Task prompt: Write out the entries below exactly, starting at the first line and stopping after the line that contains "3mm hand engraved"; skip all pictures.

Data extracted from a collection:
______

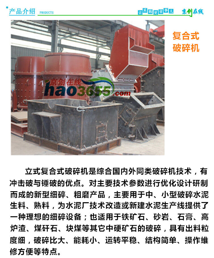 立式復(fù)合式破碎機(jī)1500簡稱為復(fù)合破,是破碎生產(chǎn)線和制砂生產(chǎn)線中常用設(shè)備之一。復(fù)合破碎機(jī)是一種無篩條、可調(diào)式細(xì)碎設(shè)備,可廣泛適用于水泥廠的生料、熟料細(xì)碎作業(yè),同時(shí)也可用于白云石、焦寶石、鉛鋅礦、蛇紋石、高爐渣、煤矸石、磷礦石等中等硬度物料的細(xì)碎作業(yè),特別適用于硬質(zhì)石灰?guī)r、白云巖、花崗巖、玄武巖等人工造砂或高速公路路面石料的加工破碎。
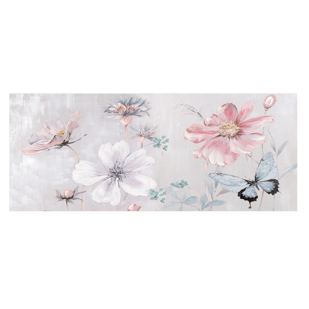 Peinture à l'huile fleurs roses rectangulaires 55x135x3 cm
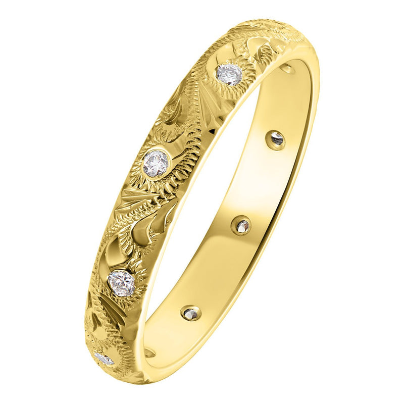 3mm hand engraved diamond wedding band in yellow gold with paisley pattern
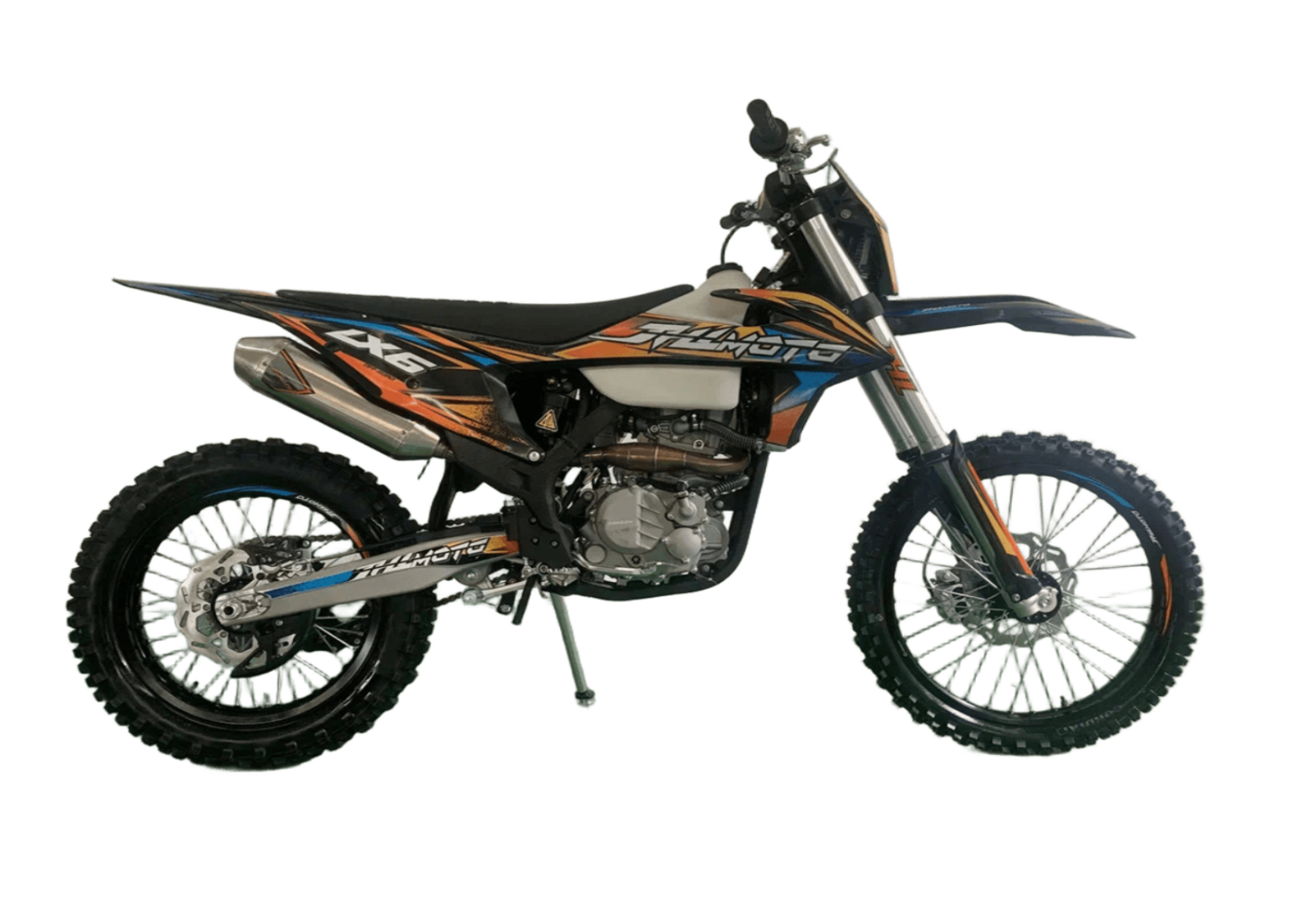 Это мотоцикл «Эндуро» используется для перемещения по пересеченной местности, преодоления бездорожья и участия в различных спортивных активностях.Особенности мотоцикла JHL LX5 YBS300 (176MN): Байк, как и его коллеги по серии, выполнен на основе новейшего двигателя Loncin 176MN. Тяга на малых оборотах помогает мотоциклу легко преодолевать препятствия, маневрировать, совершать прыжки, двигаться по пересеченной местности, участкам с влажным и топким грунтом. Рама на основе хромированной стали с добавками молибдена, покрыта раптором. Это идеальная защита от коррозии. Электроника – работает на литий-ионном аккумуляторе, усиленная влагозащита позволяет двигаться в туманную, влажную погоду. Гонщик может не бояться дождя, неожиданного купания в луже при прохождении трассы. Трансмиссия – (1-N-2-3-4-5) – пять передач, поэтому в названии байка присутствует спецификация LX5. Колесные диски – на основе сплава алюминия и силиция – прочные и легкие. Именно такой выбор инженеров позволил уменьшить вес данной модели. А про прочности диски не уступают тем, что устанавливают на легендарные KTM. Пластиковые элементы KTM 23 – широко используются в мото индустрии. Они отличаются повышенной прочностью, легко ремонтируются, при необходимости подлежат замене. Проблемы с поиском запчастей отсутствуют.
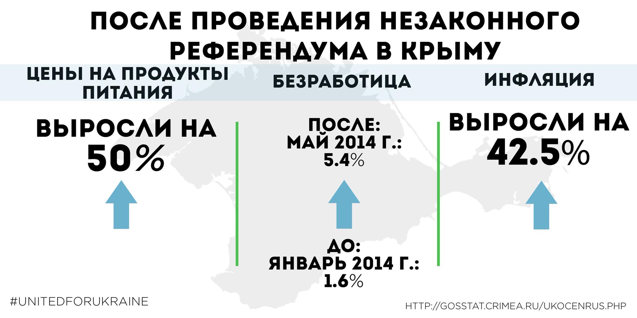 По данным инфографики, цены на продукты питания выросли на 50%, уровень безработицы составляет 5,4%, инфляция составила 42,5% - такой результат присутствия России в Крыму за последний год.
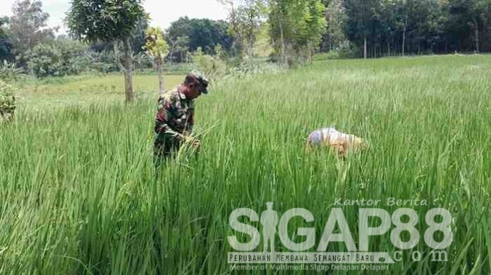 Salah satunya, Serda Supriyadi dari Koramil 0826-09 Pakong yang turun langsung ke sawah membantu petani membersihkan rumput liar di lahan padi milik warga.

______

Solution for this exercise:
 立式復(fù)合式破碎機(jī)1500簡稱為復(fù)合破,是破碎生產(chǎn)線和制砂生產(chǎn)線中常用設(shè)備之一。復(fù)合破碎機(jī)是一種無篩條、可調(diào)式細(xì)碎設(shè)備,可廣泛適用于水泥廠的生料、熟料細(xì)碎作業(yè),同時(shí)也可用于白云石、焦寶石、鉛鋅礦、蛇紋石、高爐渣、煤矸石、磷礦石等中等硬度物料的細(xì)碎作業(yè),特別適用于硬質(zhì)石灰?guī)r、白云巖、花崗巖、玄武巖等人工造砂或高速公路路面石料的加工破碎。
 Peinture à l'huile fleurs roses rectangulaires 55x135x3 cm
 3mm hand engraved diamond wedding band in yellow gold with paisley pattern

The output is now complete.